- Genre: Action comedy; Science fiction; Political satire;
- Created by: Sara Antuña; Carlos de Pando;
- Based on: ¡García! by Santiago García & Luis Bustos
- Written by: Sara Antuña; Carlos de Pando;
- Directed by: Eugenio Mira
- Starring: Francisco Ortiz; Veki Velilla; Curro Ortiz; Daniel Freire; Francisco Reyes; Silvia Abascal; Emilio Gutiérrez Caba; Lola Herrera;
- Country of origin: Spain
- Original language: Spanish
- No. of seasons: 1
- No. of episodes: 6

Production
- Executive producers: Miguel Salvat; Steve Matthews; Antony Root;
- Cinematography: Unax Mendia
- Production companies: Zeta Studios; García La Serie, S.L.;

Original release
- Network: HBO Max
- Release: 28 October – 25 November 2022

= ¡García! =

¡García! (or García!) is a Spanish television series based on the graphic novel by Santiago García and Luis Bustos. Created by Sara Antuña and Carlos de Pando for HBO Max, it stars Francisco Ortiz and Veki Velilla. Eugenio Mira directed the 6 episodes.

== Premise ==
Set in a version of current-day Spain on the verge of societal collapse, the fiction follows Antonia, a reporter who accidentally unravels a decades-old plot concerning a super-agent created in the 1950s by the Francoist secret services, García, who was subsequently cryogenized. The latter, defrosted by Antonia, finds himself dazed and confused in current-day Spain.

== Production ==
Created and written by Sara Antuña and Carlos de Pando (showrunners of The Neighbor), ¡García! is an adaptation of the eponymous graphic novel by Santiago García and Luis Bustos. The series is produced by García La Serie, S.L. (an ad-hoc production company linked to Zeta Studios) for WarnerMedia Original Programming.
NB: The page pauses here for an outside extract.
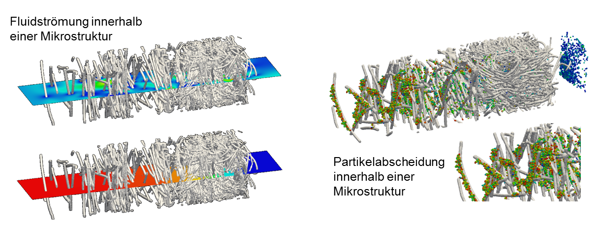 Die strömungsmechanischen Eigenschaften von Mikrostrukturen, wie etwa die Fitrationseffizienz von Filtermedien, werden maßgeblich durch ihren mikroskopischen Faseraufbau beeinflusst. Ausgehend von der geometrischen Erfassung solcher Mikrostrukturen, beispielsweise durch Computertomographie-Aufnahmen, können die Strömungsvorgänge innerhalb einer Mikrostrukturen mit modernen Lattice-Boltzmann Methoden berechnet werden. Mit speziell entwickelten numerischen Algorithmen lässt sich darüber hinaus der Transport von Partikeln und ihre Anlagerung an die mikroskopische Faserstruktur simulieren. Dabei werden alle relevanten Wechselwirkungen zwischen dem Fluid und den Partikeln, wie z.B. Widerstandskräfte und Brownsche Bewegung, berücksichtigt. Dies beinhaltet bei Anlagerungsprozessen insbesondere auch molekulare Kräfte, wie beispielsweise die van-der-Waals Kräfte. Die für die Durchströmung relevante Versperrung bereits abgeschiedener Partikel kann durch eine direkte Kopplung zwischen Partikel- und Fluidbewegung berücksichtigt werden.
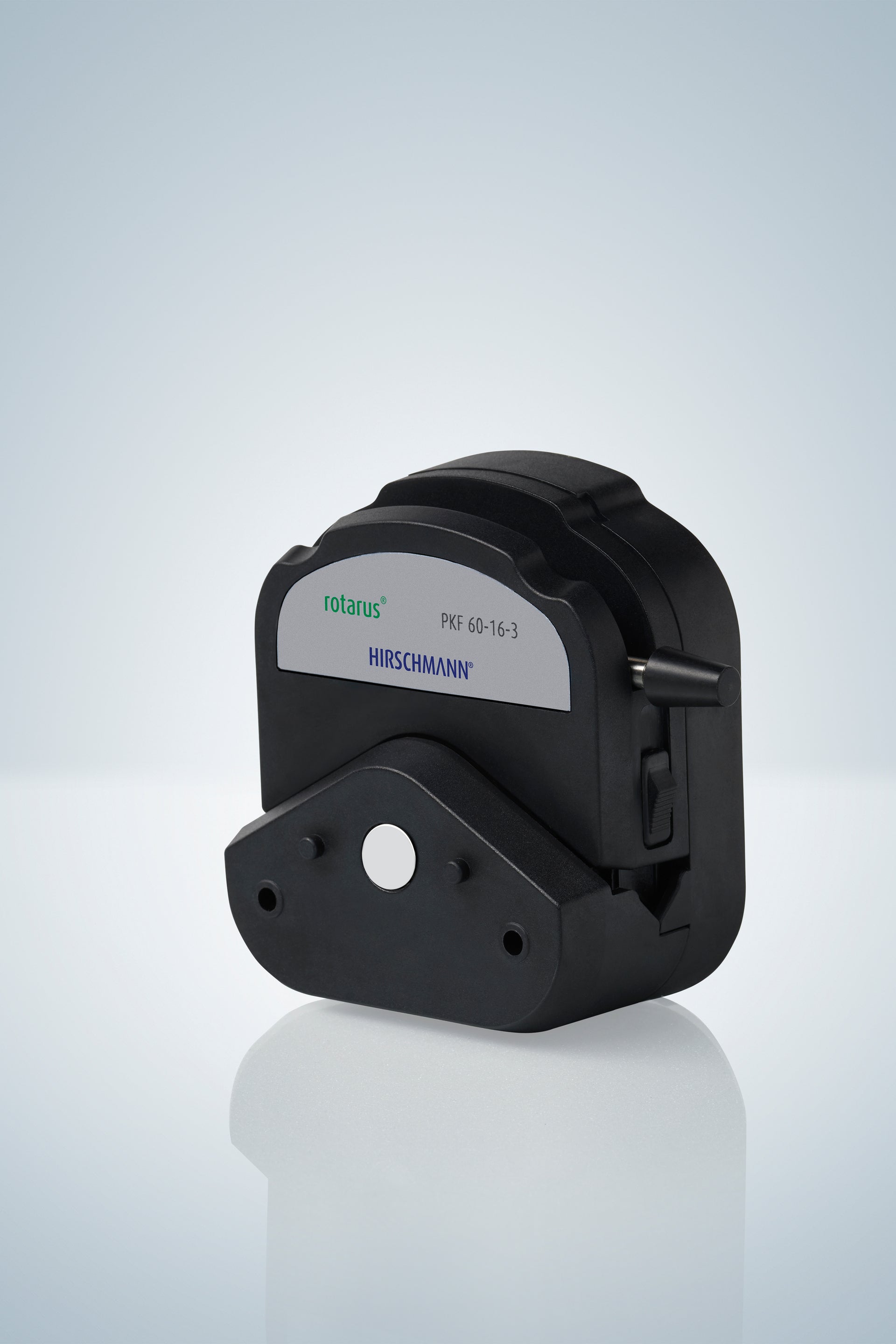 rotarus® PKF 60-16-3, single-channel pump head, 3 rollers. Economical pump head made of durable PPS plastics for continuous feeding or precise dispensing of target volumes. Simple and easy loading of the tubing. One of the two PKF-60 adapter-sets is necessary to attach the pump head to the Hirschmann rotarus® drives.

The project, billed as a "satirical thriller with sci-fi elements", was greenlighted in May 2021. Miguel Salvat, Steve Matthews and Antony Root are credited as executive producers, whereas Eugenio Mira was charged with the direction of the 6 episodes comprising the season, set to feature a running time of around 60 minutes. Unax Mendia is the cinematography director. Shooting in Madrid had already begun on 7 May 2021.
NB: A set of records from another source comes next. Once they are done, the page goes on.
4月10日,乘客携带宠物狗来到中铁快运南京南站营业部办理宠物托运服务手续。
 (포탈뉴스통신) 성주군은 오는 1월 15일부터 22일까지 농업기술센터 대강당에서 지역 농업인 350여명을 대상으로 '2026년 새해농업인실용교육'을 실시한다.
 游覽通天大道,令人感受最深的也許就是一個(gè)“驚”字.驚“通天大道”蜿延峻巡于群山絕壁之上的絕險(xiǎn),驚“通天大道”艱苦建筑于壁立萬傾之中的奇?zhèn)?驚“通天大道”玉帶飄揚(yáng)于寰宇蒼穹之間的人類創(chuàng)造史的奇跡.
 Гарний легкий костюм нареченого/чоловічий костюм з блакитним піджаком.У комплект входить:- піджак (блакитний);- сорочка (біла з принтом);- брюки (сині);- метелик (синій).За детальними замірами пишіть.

Still in production, the project was showcased together with other HBO Max originals (Todo lo otro, Venga Juan and Sin novedad) at the 69th San Sebastián International Film Festival in September 2021. On 25 October 2021, HBO Max released a teaser video, announcing an intended release date for 2022.

== Release ==
The first two episodes made their world premiere at the Fantastic Fest in September 2022. They also screened at the 55th Sitges Film Festival. HBO Max released the first two episodes in 4K along with Dolby Vision and Dolby Atmos on 28 October 2022. A free-to-air release of the first episode on Spanish channel DMAX was also programmed for 28 October 2022.

== Reception ==
Raquel Hernández Luján of HobbyConsolas rated the show with 80 points ("very good"), praising its "agile storytelling, the committed cast, and its boundless aesthetic and musical ambition".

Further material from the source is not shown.